**Task details**
Take the line that holds "BENEFITS: With Bio-Designed" and every line after it to the end of the entries, and repeat them exactly without the pictures.
Top of Records for the exercise
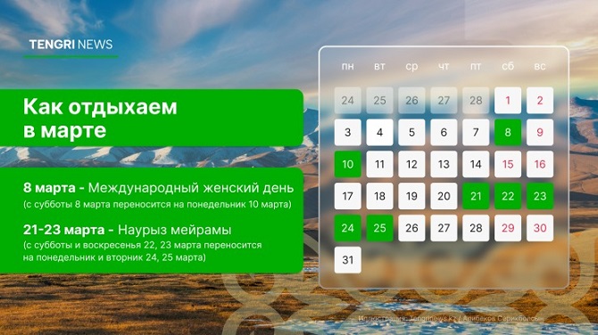 Казахстанские новостиСколько дней отдохнут казахстанцы в марте 2025 года: календарь (24.02.2025, 17:51), просмотров: 2247Первый месяц весны принесет казахстанцам не только долгожданное тепло и солнечные дни, но и дополнительные выходные, передает Tengri Life. В марте 2025 года жители нашей страны отметят сразу два государственных праздника: Международный женский день (8 марта) и Наурыз мейрамы (21–23 марта). В связи с переносами выходных казахстанцы получат больше дней для отдыха. Сколько дней отдохнут казахстанцы в марте — При пятидневной рабочей неделе — 14 выходных дней. — При шестидневной рабочей неделе — 10 выходных дней. Как отдыхаем на 8 Марта в 2025 году Международный женский день (8 марта) выпадает на субботу. По правилам переноса выходных дополнительный день отдыха назначается на понедельник, 10 марта. График выходных: — при пятидневной рабочей неделе: 8, 9 и 10 марта — три дня отдыха подряд; — при шестидневной рабочей неделе: 8 и 9 марта — выходные, но 10 марта (понедельник) уже рабочий день. Как отдыхаем на Наурыз в 2025 году Наурыз мейрамы традиционно отмечается с 21 по 23 марта. В 2025 году эти дни выпадают на пятницу, субботу и воскресенье, поэтому выходные переносятся на 24 и 25 марта (понедельник и вторник). График выходных: — при пятидневной рабочей неделе — пять дней отдыха подряд — с 21 по 25 марта; — при шестидневной рабочей неделе — выходными будут 21, 22, 23 и 24 марта. Во вторник, 25 марта, придется вернуться к работе. Последние новости:
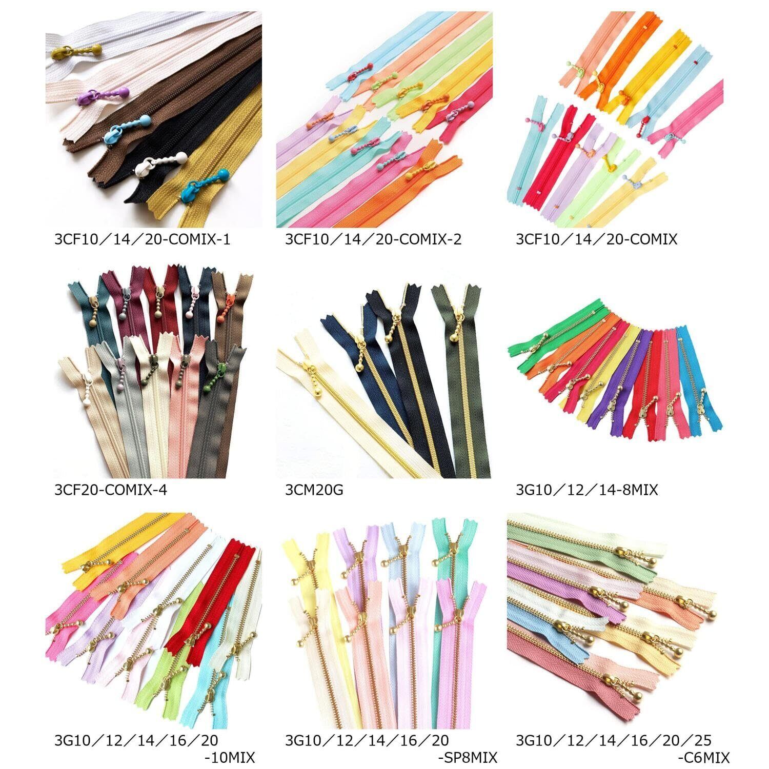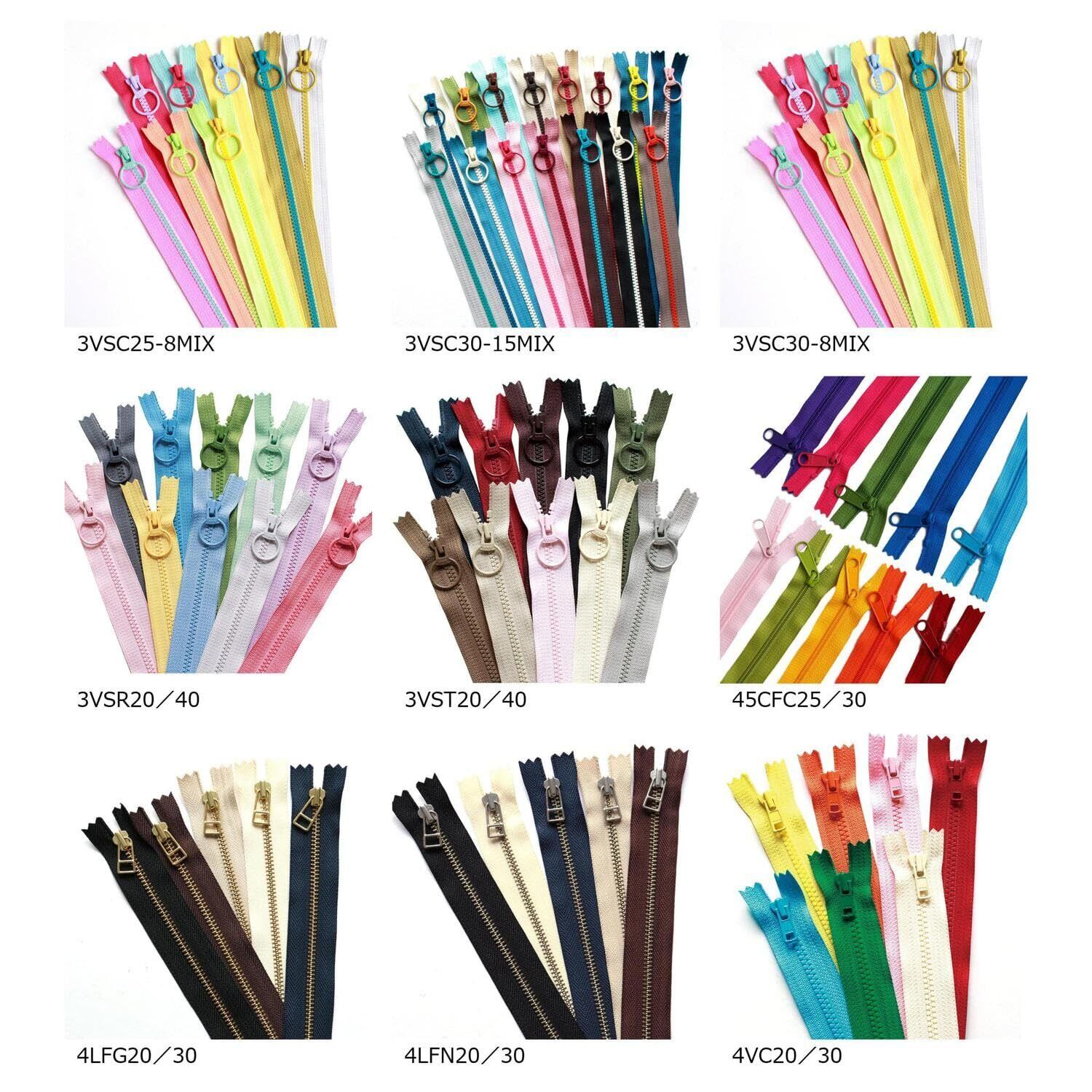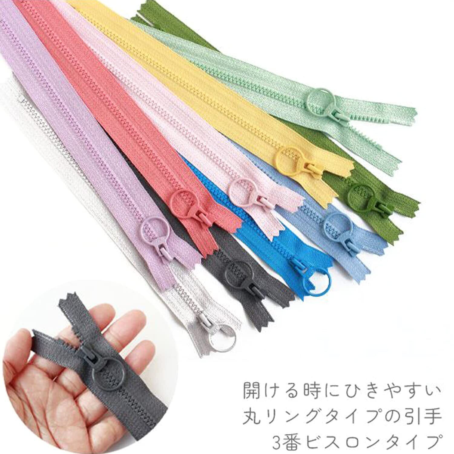 Y.K.K. リング付きビスロンファスナー くすみカラー 40cm 10色各1本入 3VSR40-10MIX
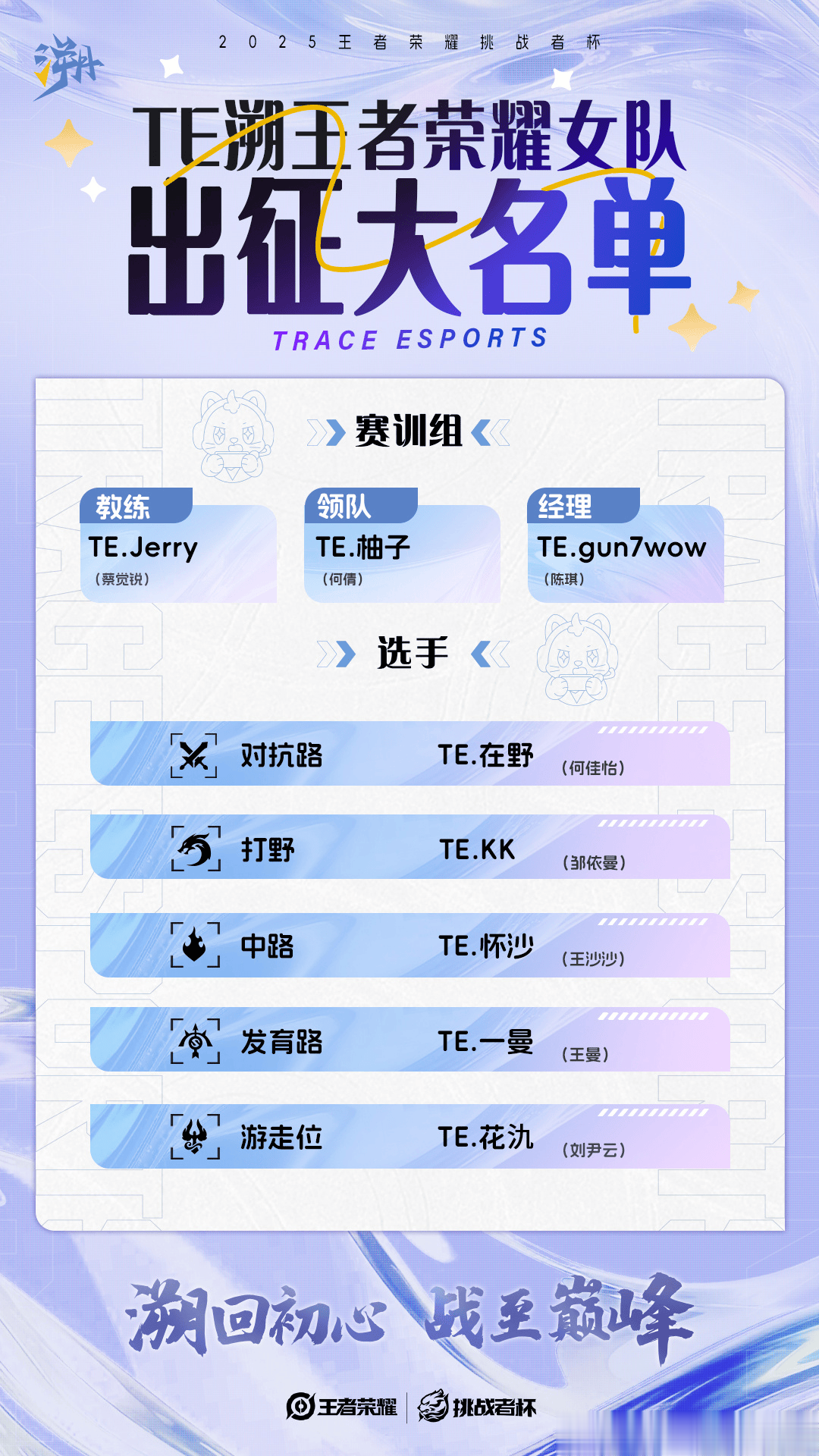 [TE溯王者荣耀女队2025王者荣耀挑战者杯出征大名单]
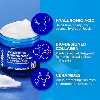 BENEFITS: With Bio-Designed Collagen and Hyaluronic Acid works overnight to help plump skin and boost hydration, while Ceramides aid in protecting skin from environmental stressors.
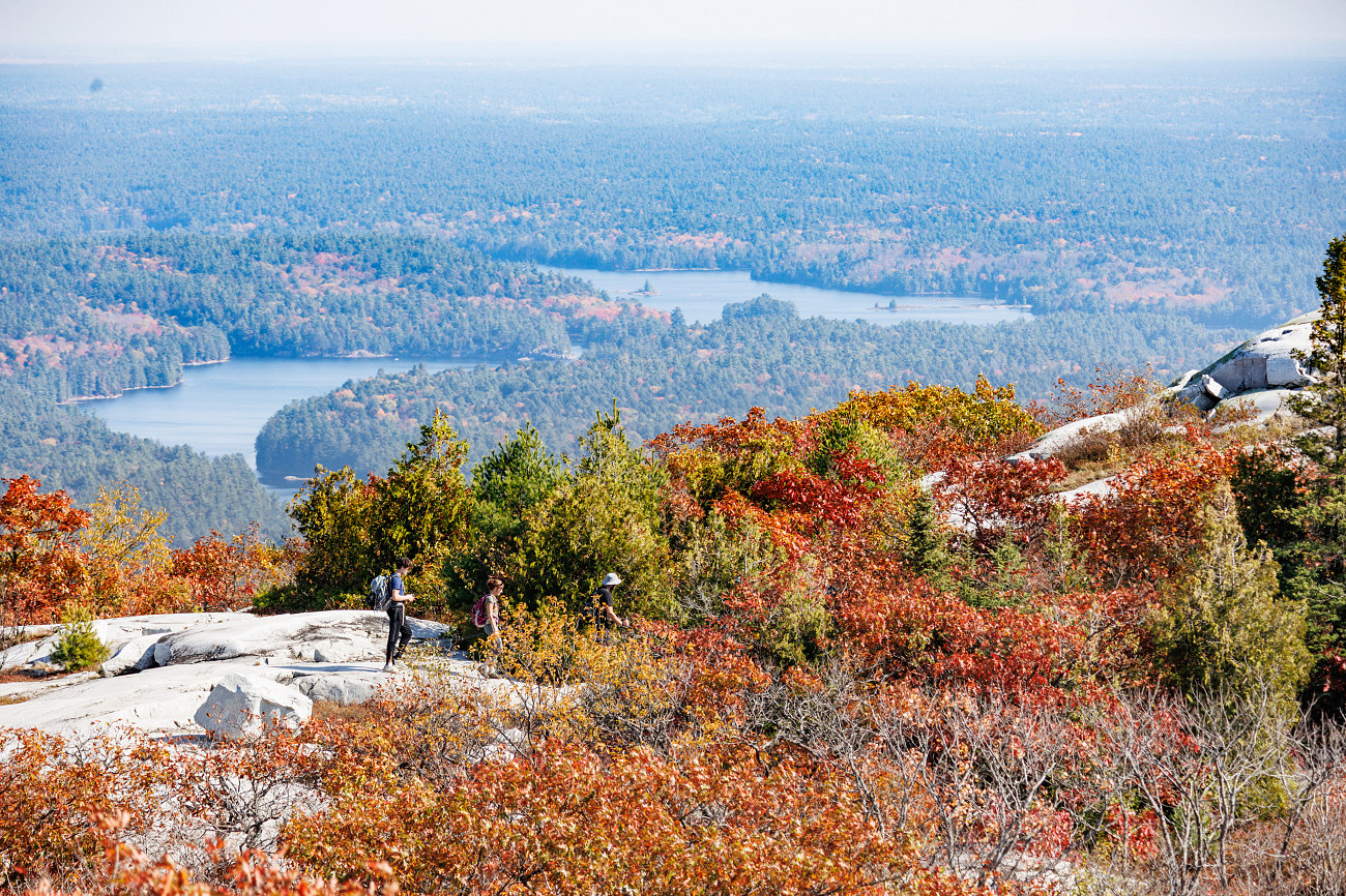 Our group hikes over to the East Peak, with the waters of Bell Lake - which we canoed to get to the trail - in the background.
Bottom of Records for the exercise
**Solution to the problem**
 BENEFITS: With Bio-Designed Collagen and Hyaluronic Acid works overnight to help plump skin and boost hydration, while Ceramides aid in protecting skin from environmental stressors.
 Our group hikes over to the East Peak, with the waters of Bell Lake - which we canoed to get to the trail - in the background.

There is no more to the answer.